Two characters commonly used when dealing with multi-line text (such as emails) are:

  • \n : Represents the newline character (line feed).
  • \r : Represents the carriage return character.

Email headers often contain \r\n pairs to mark the end of lines. Depending on the email format, you might see these in the raw headers. In your regular expressions, you can match them explicitly by including \r, \n, or a combination like (\r\n|^) to anchor your pattern at the beginning of a line or match line breaks.

Here's a quick reference of commonly used regex special characters and expressions:

Character / ExpressionDescription
.Matches any character except newline
^Start of string/line
$End of string/line
*0 or more occurrences
+1 or more occurrences
?0 or 1 occurrence
\wWord character [A-Za-z0-9_]
\dDigit [0-9]
\sWhitespace (space, tab, newline)
[abc]Character class - matches a, b, or c
[^abc]Negated class - matches anything except a, b, or c
(...)Capturing group
(?:...)Non-capturing group
a{3}Exactly 3 occurrences of a
a{3,}3 or more occurrences of a
a{3,6}Between 3 and 6 occurrences of a
a|bAlternation - matches a or b

For an interactive regex tester and comprehensive reference, visit regex101.com.

Decomposed Regex

For extracting specific fields from an email, a decomposed regex breaks a single regular expression into smaller, sequential parts. Instead of having one large and complex regex, ZK Email uses an array of parts definitions, each describing a consecutive part of the regex and visibility.

Each part in the decomposed regex includes:

  • isPublic: a boolean indicating if this part of the match should be public or private in the final proof.
  • regexDef: the portion of the regex pattern.

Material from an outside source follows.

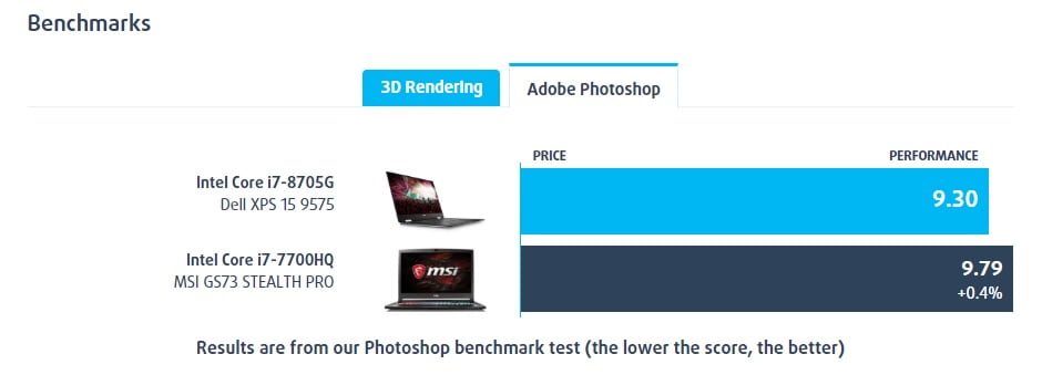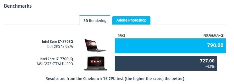 به طور حتم این پرسش به وجود می آید که پردازنده نام آشنای Core i7-7700HQ دست کم در بخش CPU، در برابر Intel Core i7-8705G چه در چنته دارد؟ Intel Core i7-8705G نیز دارای 4 هسته و 8 رشته در بخش CPU بوده از معماری مشابه با 7700HQ بهره می برد. اما در بخش فرکانس، Core i7-8705G با فرکانس بالاتر، در حالت پایه به فرکانس 3.1 و در افزایشی فرکانس 4.1 را پیاده سازی می کند. تراشه Core i7-8705G دارای توان حرارتی 65 وات است. این دو پردازنده در لپ تاپ های MSI GS73 STEALTH PRO و Dell XPS 15 9575 مورد بررسی و مقایسه قرار گرفته اند. تست نخست، مربوط به آزمون رندر 3 بعدی بوده و دومین آزمون نیز به نرم افزار فتوشاپ مربوط است. در بخش رندر 3 بعدی Core i7-7700HQ همچنان برتری خود را نشان داده و در بخش فتوشاپ به تراشه مشترک Core i7-8705G باخته است.

When these parts are combined in order, they form a complete pattern for matching. You can also find an example of a parts array from our ZK Email Registry.

info

If multiple matches are found in the email, only the first match will be used. Make sure your regex pattern is specific enough to uniquely identify the desired content.

Decomposed Regex Examples

Below are some common email fields you might want to extract. If you want to create your own email proof, please refer to our guide to create a new blueprint.

Email Sender

Below is a decomposed regex that extracts the email sender, capturing the sender email address as public.

[
{
"isPublic": false,
"regexDef": "(\r\n|^)from:"
},
{
"isPublic": false,
"regexDef": "([^\r\n]+<)?"
},
{
"isPublic": true,
"regexDef": "[A-Za-z0-9!#$%&'\*\+\-/=\?\^_`{\|}~\.]+@[A-Za-z0-9\.-]+"
},
{
"isPublic": false,
"regexDef": ">?\r\n"
}
]

Email Recipient

Similar approach for the email recipient:

[
{
"isPublic": false,
"regexDef": "(\r\n|^)to:"
},
{
"isPublic": false,
"regexDef": "([^\r\n]+<)?"
},
{
"is_public": true,
"regex_def": "[a-zA-Z0-9!#$%&'\*\+\-/=\?\^_`{\|}~\.]+@[a-zA-Z0-9_\.-]+"
},
{
"isPublic": false,
"regexDef": ">?\r\n"
}
]

Email Subject

Capturing the subject line:

[
{
"isPublic": false,
"regexDef": "(\r\n|^)subject:"
},
{
"isPublic": true,
"regexDef": "[^\r\n]+"
},
{
"isPublic": false,
"regexDef": "\r\n"
}
]

Timestamp (from DKIM-Signature)

Capturing a timestamp from a DKIM-Signature header (denoted by t=):

[
{
"isPublic": false,
"regexDef": "(\r\n|^)dkim-signature:"
},
{
"isPublic": false,
"regexDef": "([a-z]+=[^;]+; )+t="
},
{
"isPublic": true,
"regexDef": "[0-9]+"
},
{
"isPublic": false,
"regexDef": ";"
}
]